Some of the world’s largest energy companies are expected to release their second quarter results in the coming weeks. ExxonMobil (XOM – Free report), Chevron (CVX – Free report), Royal Dutch Shell (RDS.A – Free report), BP plc (PA – Free report) and TotalEnergies (TTE – Free Report) will publish their results between July 29 and August 3.
While yields improved in the third and fourth quarters of 2020 thanks to the gradual tightening of fundamentals, the January-March period further strengthened the stability of the Oil / Energy sector. The second quarter is expected to be even better as commodity prices rebounded strongly, returning to their multi-year highs following advances in vaccines and the ongoing macroeconomic recovery.
In the first quarter, “Big Oil” companies were helped by the easing of the lockdown and an earlier than expected recovery in demand for commodities following vaccine deployments. Cash flow has been strong due to higher achievements in oil and gas prices.

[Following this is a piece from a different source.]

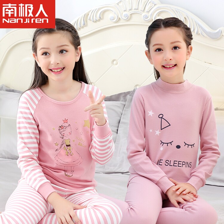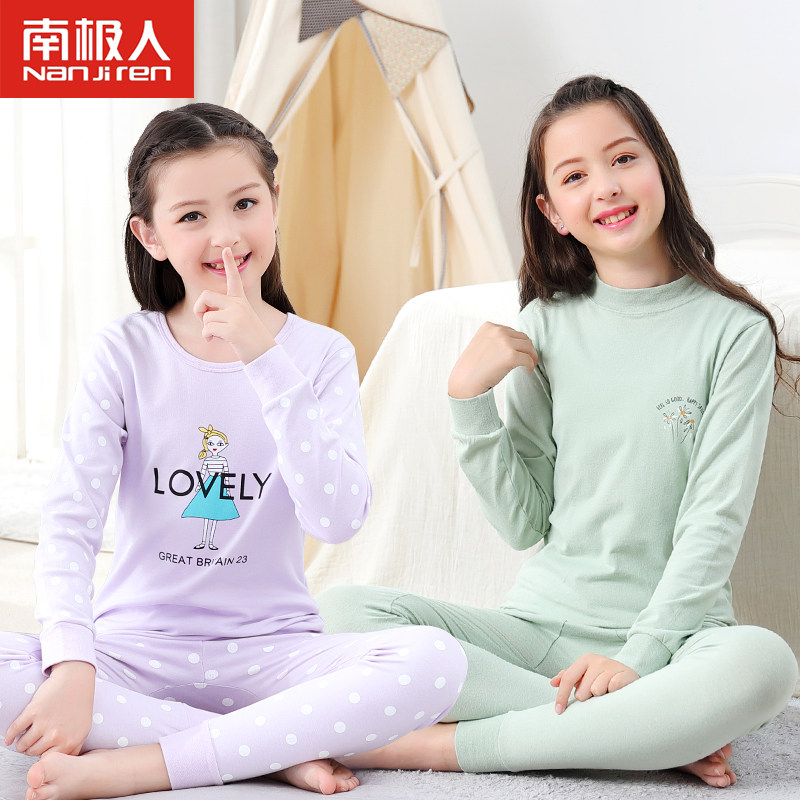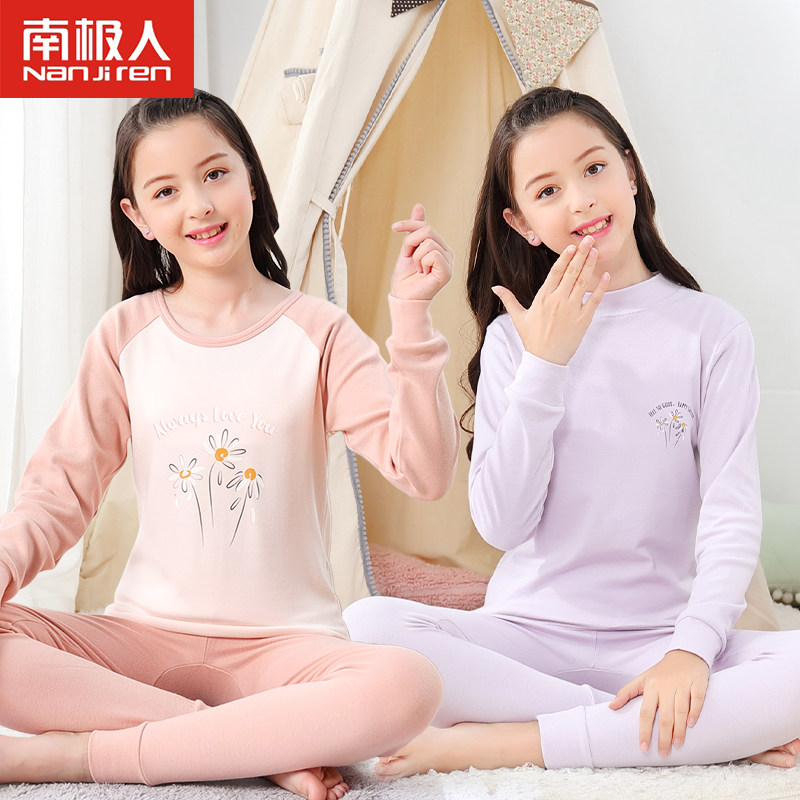 Girls ' autumn clothes Sanitary pants set cotton medium and large virgin girl pajamas Children's thermal underwear Cotton sweater spring and autumn and winter

The April to June period promises not only a sequential improvement, but also a significantly better improvement than the quarter of last year, when the energy sector was devastated by the destruction of demand and falling prices. induced by the pandemic.

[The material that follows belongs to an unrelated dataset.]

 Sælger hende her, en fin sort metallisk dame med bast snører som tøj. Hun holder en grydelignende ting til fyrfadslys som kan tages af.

According to the US Energy Information Administration, in April, May and June 2020, the monthly average WTI crude price was $ 16.55, $ 28.56 and $ 38.31 per barrel, respectively. In 2021, average prices were $ 61.72 in April, $ 65.17 in May and $ 71.38 in June, all of which are much higher year over year.
The news is also bullish on the natural gas front. In Q2 2020, Henry Hub US average natural gas prices were $ 1.74 per MMBtu in April and edged up to $ 1.75 in May before falling to $ 1.63 in June. In 2021, fuel was trading at $ 2.66, $ 2.91 and $ 3.26 per MMBtu in April, May and June respectively. In other words, natural gas traded significantly higher over the past three months.
All except Chevron posted a higher first quarter net profit than the corresponding period of 2020 thanks to higher prices. Industry watchers are betting on a further rise in the three months ended June 30, as oil and gas continue to soar amid lower costs and capital spending.
In addition to higher profits, the environment of high commodity prices has helped the major energy operators generate significant “excess cash”, which they intend to use to boost investor returns.
As proof, the British energy major BP, which got off to a good start to the year after largely exceeding first-quarter earnings estimates, announced its intention to buy back shares. BP succeeded in reducing its net debt below its target of $ 35 billion and as a result decided to initiate share buybacks worth $ 500 million in the June quarter. The company was forced to cut its dividend at the height of the pandemic crisis, but reported a dramatic increase in its first quarter operating cash flow to $ 6.1 billion.
Meanwhile, mainland rival Shell will distribute 20-30% of operating cash flow to shareholders from the second quarter, he said in an update last week. Zacks Rank # 3 (Hold) Company credited “strong operational and financial performance, combined with improved macro outlook” for the higher payouts. Investors should know that Shell cut its quarterly dividend by two-thirds last year to weather the historic oil price crash and preserve liquidity. The cup was the first since World War II.
You can see The full list of today’s Zacks # 1 Rank stocks here.
ExxonMobil also recently expressed optimism that higher oil prices would contribute significantly to its upstream profits in the second quarter of 2021.
Overall, the energy juggernauts will see significantly better exploration and production results. However, the other important part of the activity of the supermajor, the refining or the downstream unit, remains weak. While fuel consumption has recovered with increased mobility, reflected by increased refinery utilization and margins, demand for jet fuel has yet to reach pre-pandemic levels. . Thus, refining profitability is still well below the five-year averages.
Nonetheless, it looks like the most painful downturn for oil activity is only a distant memory, with major energy companies due to follow up on a strong first quarter with an even better second quarter.